Meet My Mafia King on Christmas
Twenty years ago, on a rainy night, I stood in front of her with my frail body, clutching a rusted iron pipe, trembling all over but shouting the harshest words I’d ever said: "If you dare touch her again, I’ll kill you!"
No one knew that night—I wasn’t a hero.
I was just a fool strangled by fate, who personally shoved the one who saved me into hell.
Today, I stopped her in the hospital corridor. The white coat made her look cold as frost, her badge reading “Dr. Aurora Lin.” How laughable—she even changed her surname, escaping completely.
But when I stepped closer, her fingers trembled, and the medicine bottle dropped to the floor.
She’s still afraid of me.
“Your mother is dying,” I said, my voice like sandpaper scraping over wounds. “The man who held a knife to her throat back then—was your father. But the one who signed the organ donation consent form in the end? My mother.”
She snapped her head up, her eyes exploding with stormy waves.
Memories rewound—
She knelt in a pool of blood, wailing as she held her mother’s body, while I sat in the police station giving testimony, praised as a “brave good boy.”
No one told me the “attacker” I knocked unconscious that night was the father she had tried desperately to protect.
No one mentioned that my mother, to clear me of guilt, quietly took the blame—and died three years later from liver failure.
Aurora lost everything—her name, her identity, her life.
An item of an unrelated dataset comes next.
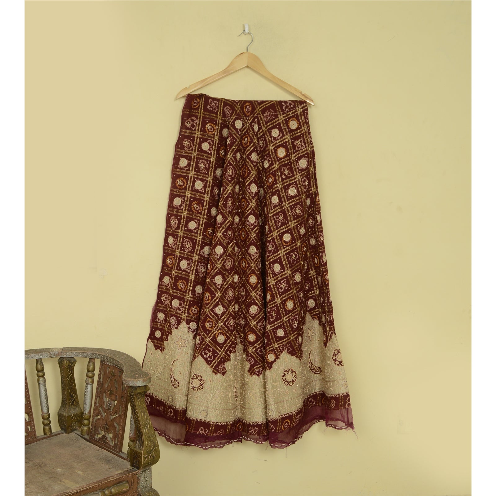 Sanskriti New Dark Red Pure Cotton Long Skirt Unstitched Hand Bead Bandhani Zari Zardozi Dabka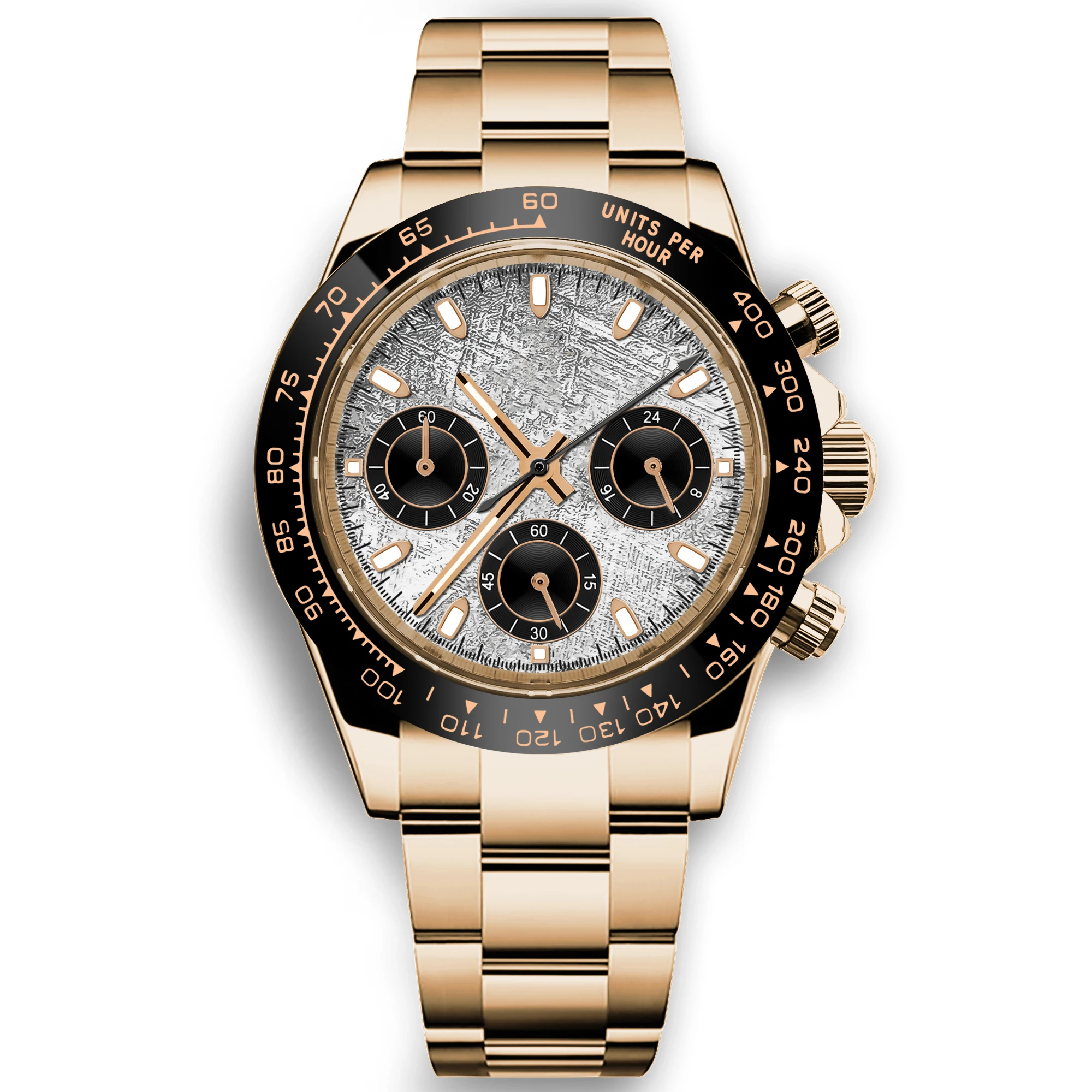Movement : Japanese quartz movement Full functional chronographCase diameter : 40mmCase thickness : 13mmFunction :Pusher button at 2:00 Starts/stops chronographPusher button at 4:00 resets chronographRunning Second at:6:00 o’clockChronograph minute at 9:00 o’clock24 hours at 3:00 o’clockWide of Strap : 20mm strapGlass : SAPPHIRE CRYSTAL

And I? I wore the mask of a hero and lived as the greatest demon.
“You have no idea how these twenty years have been for me,” she suddenly laughed, tears crashing down. “Every day, I wish it had been you who died instead.”
I pulled out a knife from my chest—a stainless steel scalpel, stolen last night from her office.
“Here,” I turned it around and offered her the handle. “Now you’re the doctor. Now you’re the winner. Whatever you want to take from me, I’ll accept.”
She didn’t take it.
Instead, she lunged forward and hugged me, her nails digging into my back as if trying to carve me into her bones.
“Rory… kill me,” she whispered against my ear, laughing through sobs. “We should’ve both died that rainy night anyway.”
The heart monitor shrieked sharply.
Inside the room, her mother’s heartbeat flattened into a straight line.
And we stood at the edge between life and death—neither willing to let go.